The first graph depicts the distribution of the difference scores, using both a histogram (top panel) and a boxplot (bottom panel). If this histogram were centered about 0, it would correspond to no difference between the two test scores; however, the highlighted region in the boxplot shows that the center of the distribution is between 17 and 18.

• In the histogram:
• The blue line shows the shape of a normal distribution with the mean and standard deviation from this sample.
• The red line shows the kernel density estimate - a type of approximation for the shape of a distribution. If the scores were perfectly normally distributed, the kernel density estimate would "line up" with the normal approximation.
• In the boxplot:
• The box's center line shows the median, while the diamond shows the mean.
• There are two outliers on the low end; these represent individuals with who scored 7-10 points higher on the Math test than the English test.
##### Graph 2: Profile Plot

The second graph is a paired profile plot. Profile plots depict the "trajectory" of individuals. Each line represents one subject or case. On the left side is the person's English score; on the right side is their Math score. (Note that the axes on both sides have the same range; this is an important feature of profile plots.) By looking at the slope of these lines, we can get a feel for whether the scores are approximately equal (horizontal lines), or if one score was higher than the other (sloping lines). Although some of the lines are roughly horizontal, most of the lines tend to have a downward slope. Since English is on the left and Math is on the right, this corresponds to most students scoring higher on the English placement test than the Math placement test. The red line showing the average trend confirms this.
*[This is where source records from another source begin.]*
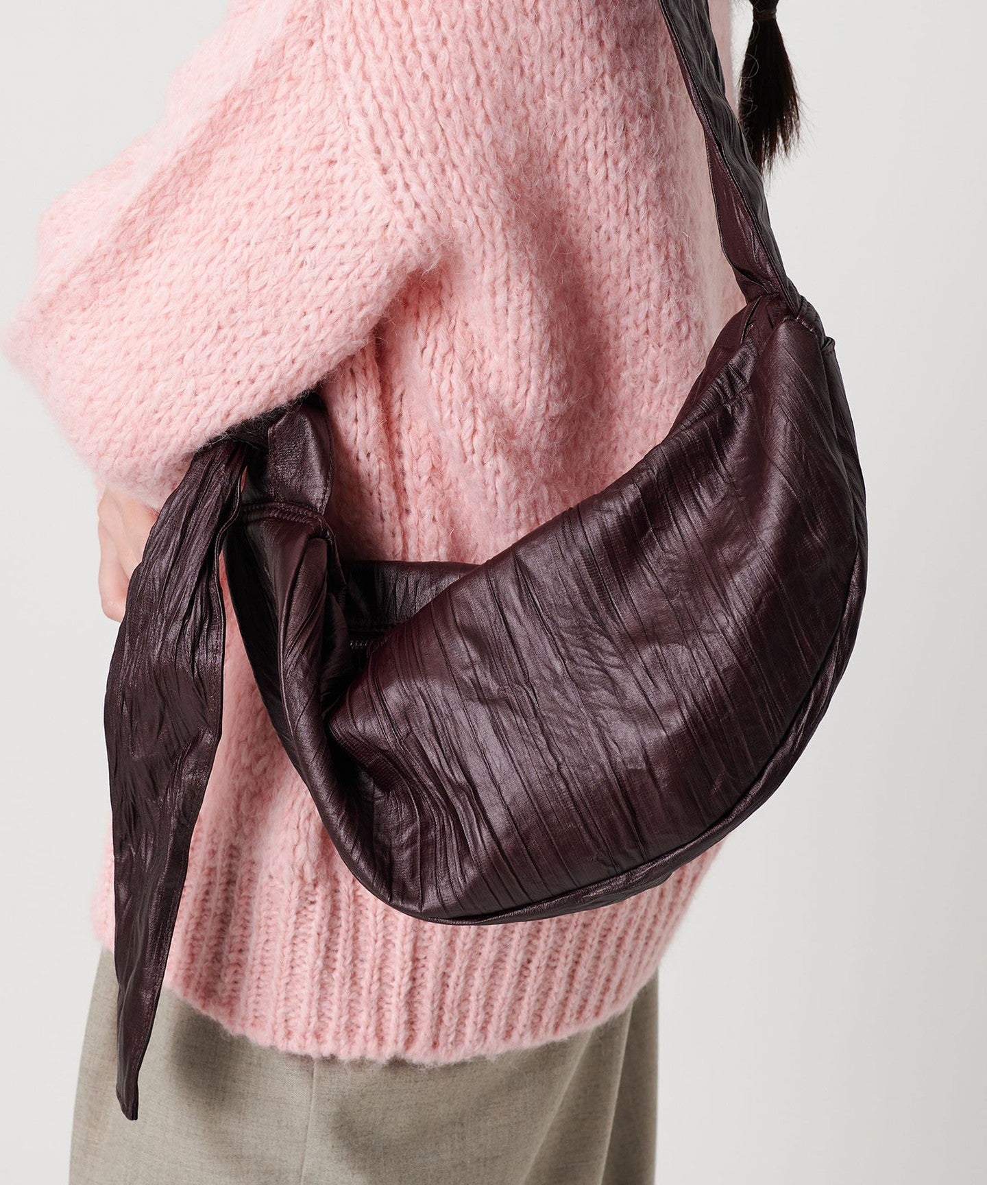 This shoulder bag features an eye-catching half-moon shape that conforms to the body.
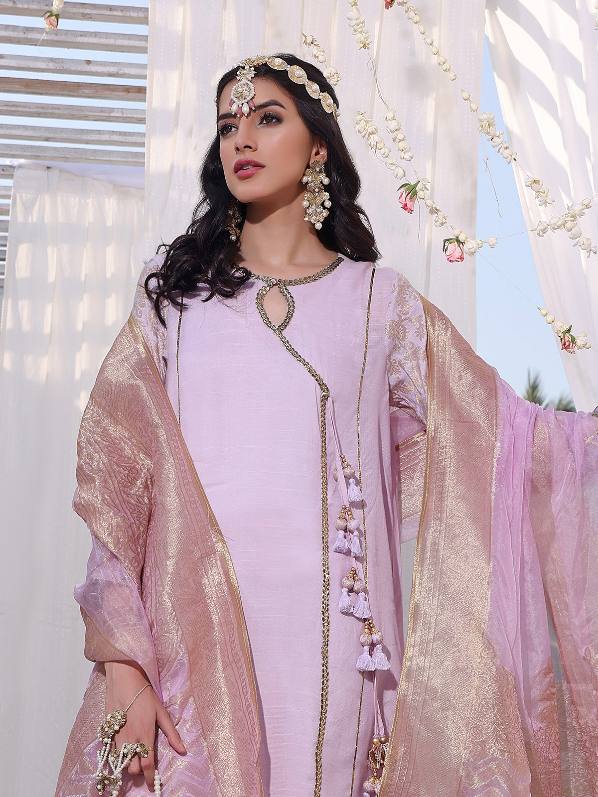 3Pc Formal Suit Pret Raw Silk Purple - OW3P-2207028
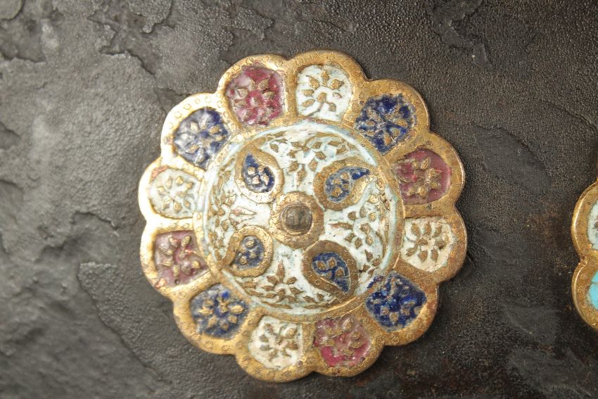 A 19TH CENTURY NORTH INDIAN LACQUERED HIDE SHIELD, with enamelled gilt metal bosses, 42cm wide.
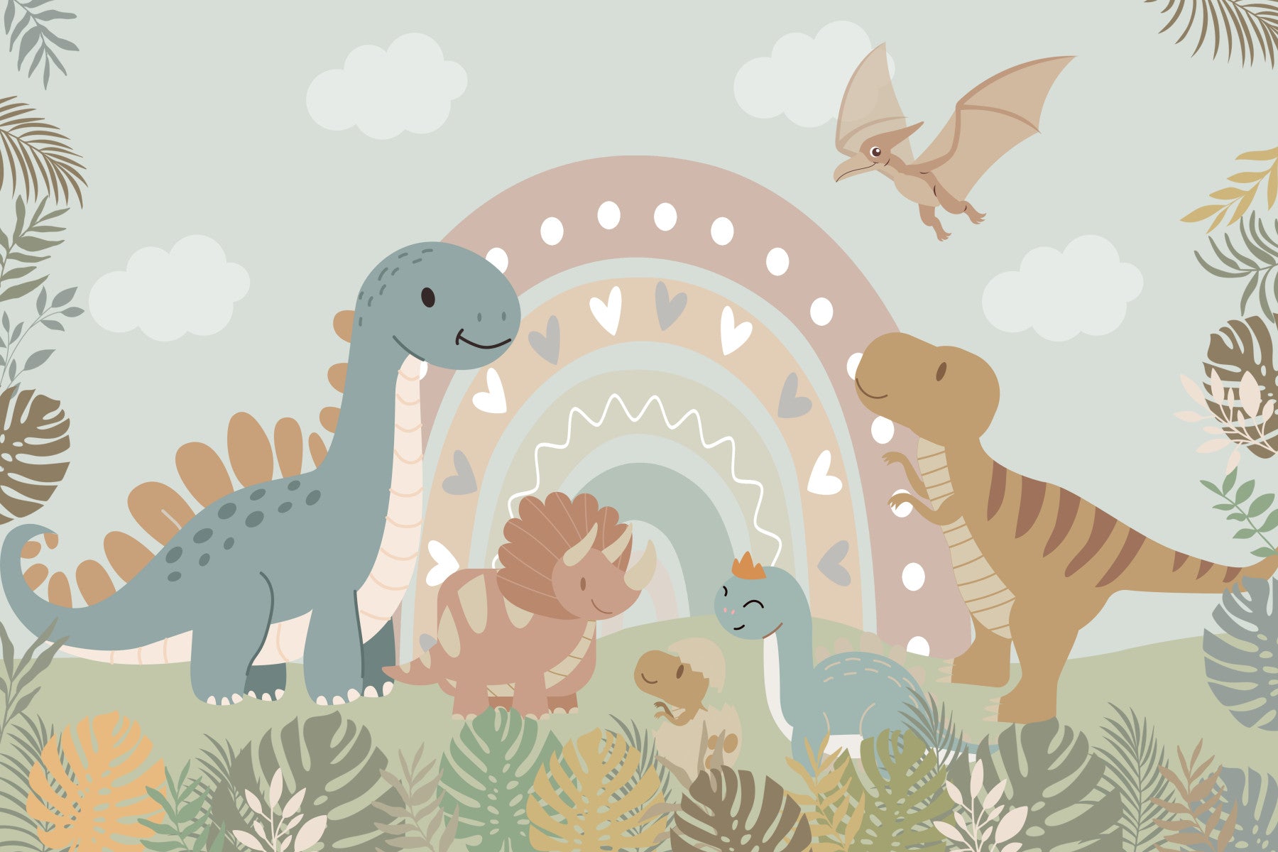 Invite whimsical charm into your home with this delightful dinosaur wallpaper. Friendly dinosaurs roam beneath a heart-dotted rainbow amidst botanical details. Muted tones create a comforting feel, suitable for a child’s bedroom or play area. Use this unique wallpaper for walls to add a creative and calming touch to kids interior decor. The gentle patterns and lovable dinosaur characters bring a fun and creative atmosphere, creating a delightful space.
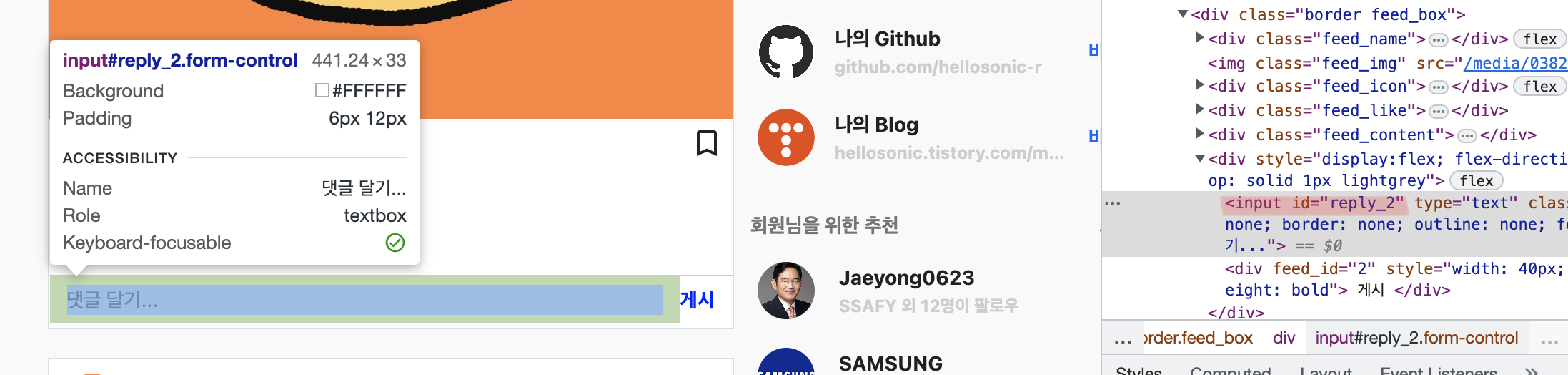 그렇다면 이제 각 피드의 "댓글 달기" 창에도 "이 피드에 댓글 달고 있어~~" 라고 id를 지정해줘야 한다.
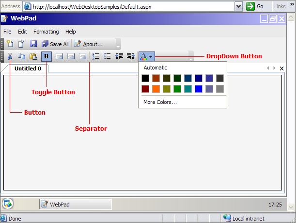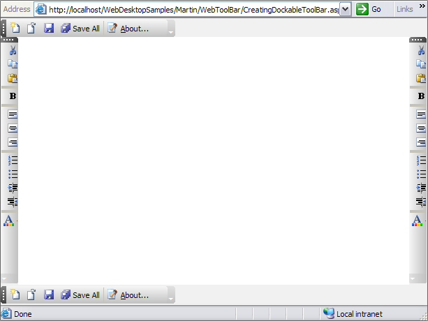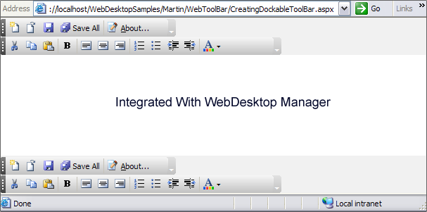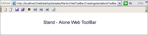 WebToolBar is one of essential member in WebDesktop.NET which allows you to create rich toolbar functions in the rich styles and behaviors of desktop's ToolBar. WebToolBar offers a set of advanced and unique features such as in the following:
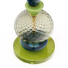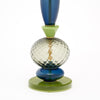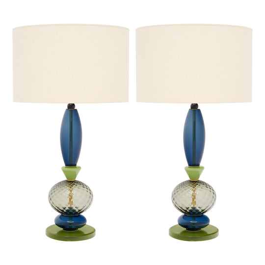 Pair of table lamps made of hand-blown glass elements from Murano, Italy outside of Venice. Each lamp features unique glass components in green and blue tones on a brass structure. We love the geometric forms and bold tones this pair brings to a space. The glass showcases alternating Murano glass techniques including opaque and transparent colors. This one-of-a-kind pair has been newly wired to fit US standards. They are in excellent condition – the photos accurately depict the condition.
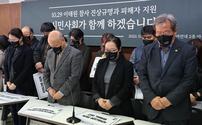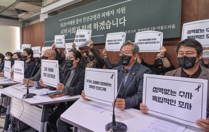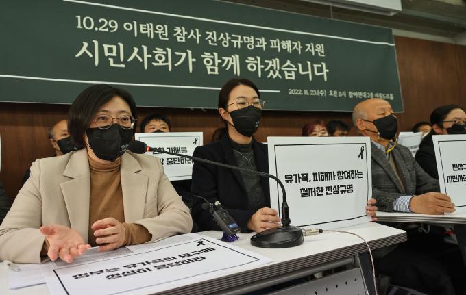 23일 오전 '10·29 이태원 참사 진상규명과 피해자 지원, 시민사회가 함께 하겠습니다' 기자회견이 서울 종로구 참여연대 아름드리홀에서 열렸다. 재난·산재 참사 피해자 단체와 종교·시민사회·노동단체가 주최했다.
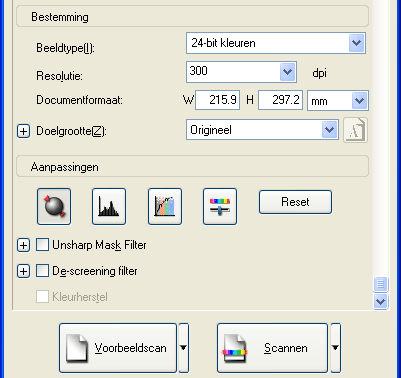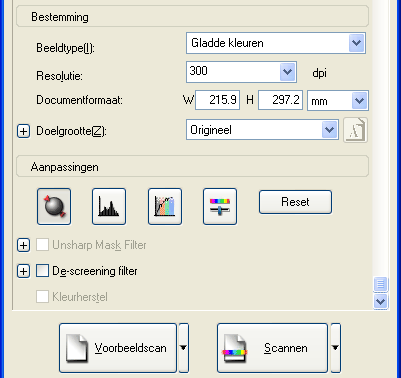 ![]() | Klik op de knop Voorbeeldscan om de afbeeldingen te bekijken. |
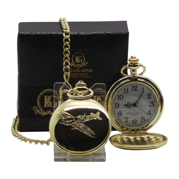 Embark on a journey through aviation history with the Supermarine Spitfire 24k Gold Clad Pocket Watch – a luxurious timepiece in pure gold plating with a reliable quartz movement, showcasing a highly detailed engraving of the iconic Spitfire on the front case, and a personalised touch on the back, allowing you to carry the symbolic significance of this legendary aircraft and a heartfelt message with you, making it not just a watch but a statement of timeless style and historical reverence.
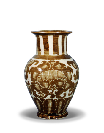 宋“定”刻花梅瓶則以590萬(wàn)港幣成交。定窯為趙宋名物,千百年來(lái)備受文人士大夫推崇,享譽(yù)盛名。此瓶造型別致,未見(jiàn)相同樣式。裝飾風(fēng)格獨(dú)特,通體剔花,線條活潑流暢。
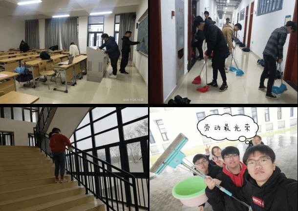 11月25日,物理师范班全员自带卫生工具,对滨湖校区博学楼A区、B区1楼至5楼进行全面清扫。活动组织有序,行动迅速,虽然楼外吹着寒风,但教学楼的各个教室,楼道,走廊却充满热火朝天的劳动激情,冬日的教室在同学们的劳动中,洋溢着温暖融洽的气息。
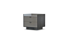 The Salazar Side Table boasts a refined design with polished smoke grey drawers set within a sleek eucalyptus veneer frame, creating a modern aesthetic. Its durable, neutral grey sintered stone top not only enhances the table's elegance, but also ensure longevity and resistance to wear, while the two drawers provide practical storage solutions.
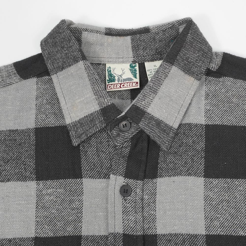 ディアクリーク DEER CREEK 未洗い 90s 90年代 ブロックチェック柄 ヘビーネルシャツ フランネル ビッグサイズ USA ヴィンテージ アメリカ 古着 メンズ シャツ ブラック × グレー XL MEDICALDB_JP
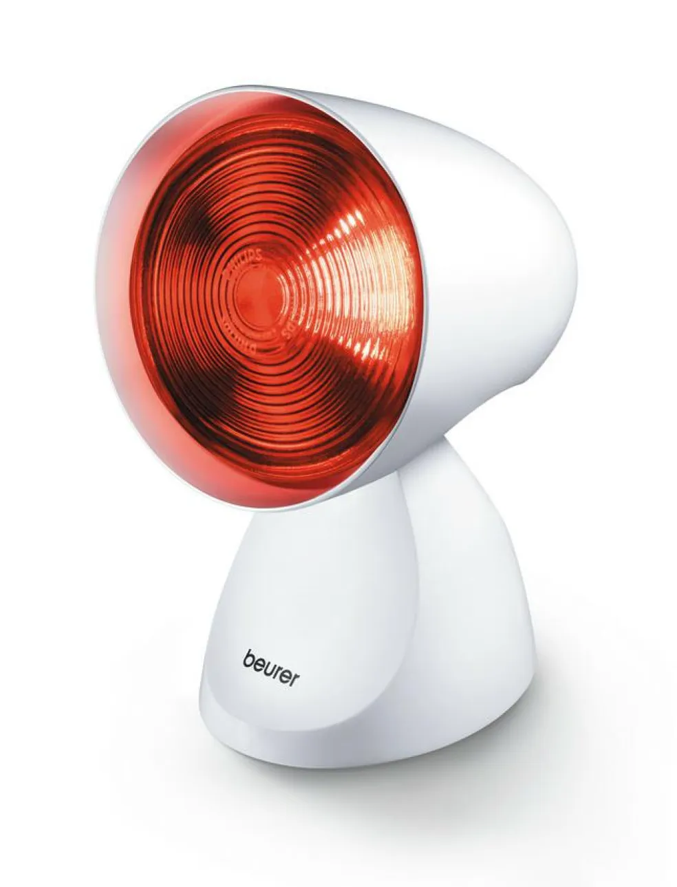 Infrarød lampe fra Beurer. Varmen fra den infrarøde lampe trænger dybt ind i huden og øger blodcirkulationen. Lampen er god til lindring af mange forskellige symptomer som fx. pandehulebetændelse, forkølelse, muskel- og ledsmerter, mælkeknuder m.m.
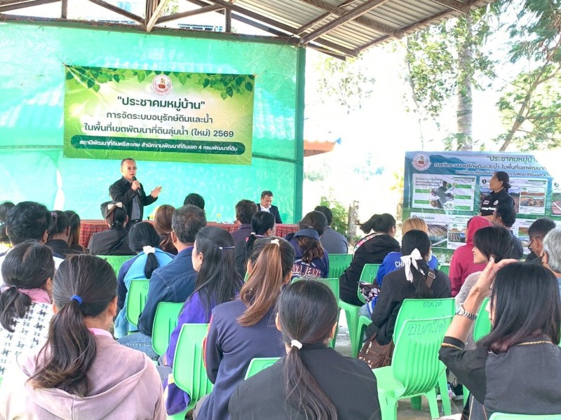 สถานีพัฒนาที่ดินศรีสะเกษ สำนักงานพัฒนาที่ดินเขต 4 กรมพัฒนาที่ดิน จัดประชุมประชาคมหมู่บ้าน เพื่อจัดระบบอนุรักษ์ดินและน้ำ ในเขตพื้นที่พัฒนาที่ดินลุ่มน้ำ(ใหม่) 2569
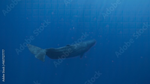 Fototapeta premium Sperm whale swimming underwater, massive marine mammal in natural habitat, freediver filming giant whale, stunning ocean wildlife scene, powerful moment of nature, beauty and freedom of ocean life
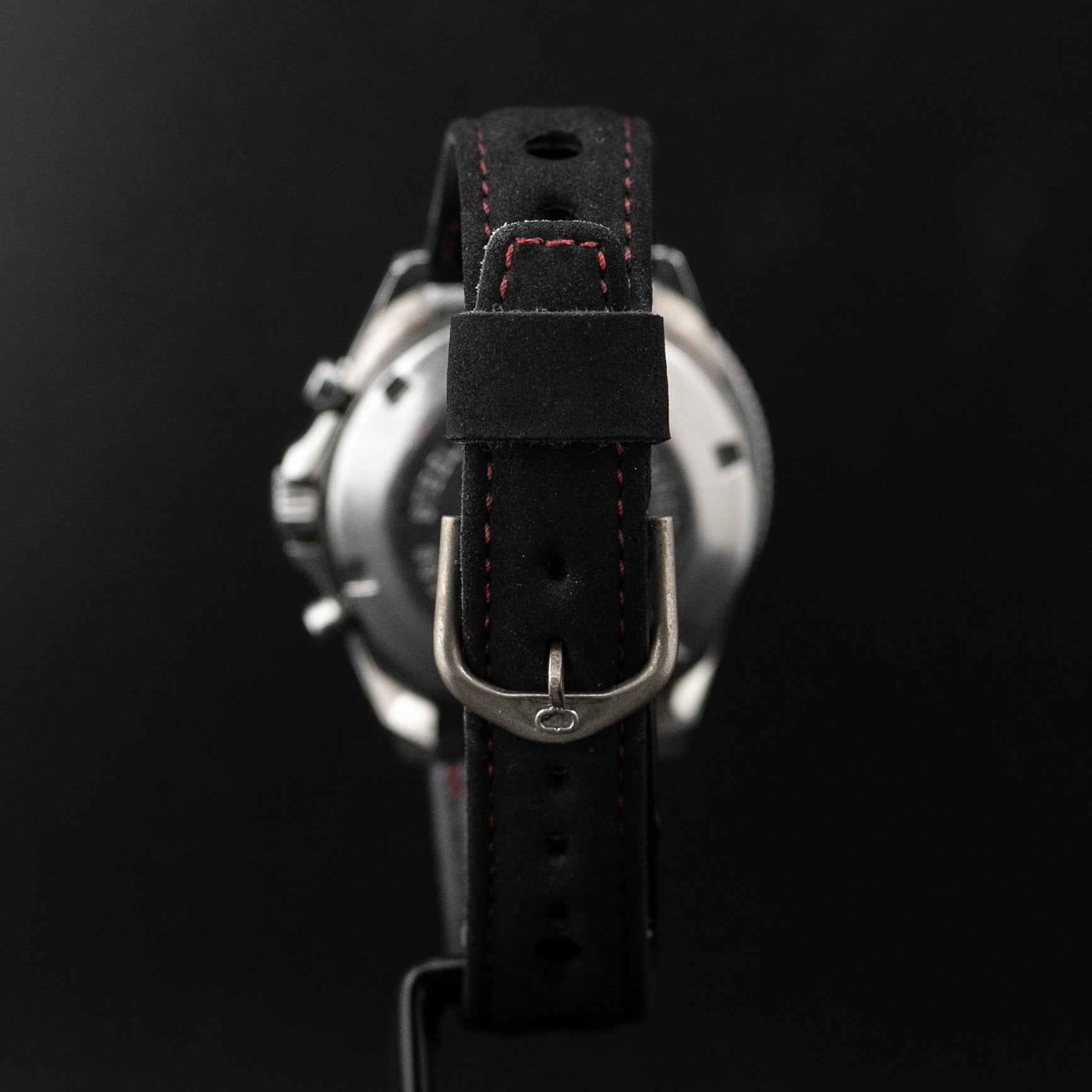 Afin de terminer l'ensemble, un bracelet d'époque type Rally de marque Corfam neuf d'époque à la montre, de couleur Violine surpiqué pourpre vient sublimer l'ensemble.

##### Graph 3: Agreement Plot

The third graph shows the "agreement" of the two scores. The plot itself is a variation on a simple scatterplot. The diagonal reference line represents identical English and Math scores. Datapoints that fall on this line (or near this line) represent students who scored the same on their English and Math tests. Datapoints above the line represent students who scored higher on the Math test than the English test. Points below the line represent students who scored higher on English than Math. In this graph, we see many more points below the line than above the line, which means that most students scored higher on English than on Math. ##### Graph 4: Quantile-Quantile (Q-Q) Plot of Normality for Differences

The fourth graph is a Q-Q plot, or quantile-quantile plot, of the difference scores. Q-Q Plots are used to inspect whether an observed variable (represented as points) matches what we would expect that variable to look like if it were truly normally distributed (represented as a solid line). To read a Q-Q plot, we look to see if the dots (the observed values) match up with the expected values for a normal distribution (the diagonal line). If the points fall along the line, then the values are consistent with what we would expect them to be if the data were truly normally distributed. Here, we see that the majority of the difference scores fall on the diagonal line, so we can say that the data appear to be approximately normally distributed. ### Decision and Conclusions

Since p < .0001 is less than our chosen significance level α = 0.05, we can reject the null hypothesis, and conclude that the English and Math scores were significantly different from each other.

Based on the results, we can state the following:

• There was a significant difference in the average English and Math scores (t397 = 36.31, p < .05).
• On average, students scored 17.3 points higher on the English test than the Math test (95% confidence interval [16.36, 18.23]).